The IPCC’s special report Global Warming of 1.5°C was approved on Saturday in Incheon in the Republic of Korea and is the first in a series of special climate reports. It will be a key scientific contribution to the Katowice Climate Change Conference in Poland in December, during which governments are set to review the Paris Agreement to tackle climate change.
Limiting global warming to 1.5°C will require “rapid and far-reaching” transitions in land, energy, industry, buildings, transport, and cities, and the report examines the pathways available, what it will take to achieve them, and what the consequences could be.
According to Jim Skea, Co-Chair of IPCC Working Group III, “Limiting warming to 1.5°C is possible within the laws of chemistry and physics but doing so [will] require unprecedented changes.”
“Every extra bit of warming matters, especially since warming of 1.5°C or higher increases the risk associated with long-lasting or irreversible changes, such as the loss of some ecosystems,” says Hans-Otto Pörtner, Co-Chair of IPCC Working Group II.
Limiting global warming to 1.5°C rather than 2°C could avoid a number of potential climate impacts. For instance, virtually all coral reefs will be lost with global warming of 2°C, whereas with 1.5°C decline is limited to 70–90%. The likelihood of an Arctic Ocean free of sea ice in summer would be at least once per decade with global warming of 2°C; however, this would be once per century at 1.5°C.
In her IZA World of Labor article, Linguère Mously Mbaye notes how, although it is largely accepted that climate change and natural disasters are one of the main challenges of the contemporary era, developed and developing countries are yet to reach a consensus on an appropriate course of action.

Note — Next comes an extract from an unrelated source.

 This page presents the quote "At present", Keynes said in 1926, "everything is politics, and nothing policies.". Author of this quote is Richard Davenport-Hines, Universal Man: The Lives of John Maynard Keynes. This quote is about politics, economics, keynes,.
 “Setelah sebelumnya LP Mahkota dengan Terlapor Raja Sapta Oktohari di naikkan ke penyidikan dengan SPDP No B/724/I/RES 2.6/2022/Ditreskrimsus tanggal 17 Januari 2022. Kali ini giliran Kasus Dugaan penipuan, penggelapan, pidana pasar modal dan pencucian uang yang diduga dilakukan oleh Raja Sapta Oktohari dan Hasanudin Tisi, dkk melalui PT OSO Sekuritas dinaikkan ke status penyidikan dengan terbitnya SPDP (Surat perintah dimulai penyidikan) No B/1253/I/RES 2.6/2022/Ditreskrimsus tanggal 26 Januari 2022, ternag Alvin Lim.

With poor countries playing a smaller role in driving the climate change process compared to their more developed neighbours this raises equity concerns as their increased vulnerability exposes them more than richer nations to its adverse effects. Mously Mbaye concludes by stressing how, “addressing the issue of climate change requires better governance on a global scale, with more efficient aid allocated to vulnerable countries as well as better migration policies toward migrants from those countries.”

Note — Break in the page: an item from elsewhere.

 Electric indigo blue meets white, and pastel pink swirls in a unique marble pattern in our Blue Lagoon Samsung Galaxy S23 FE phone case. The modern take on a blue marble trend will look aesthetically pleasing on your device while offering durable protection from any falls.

Debra Roberts, Co-Chair of IPCC Working Group II, believes that the decisions we make today are critical in ensuring a safe and sustainable world for everyone, both now and in the future.
“This report gives policymakers and practitioners the information they need to make decisions that tackle climate change while considering local context and people’s needs. The next few years are probably the most important in our history,” she said.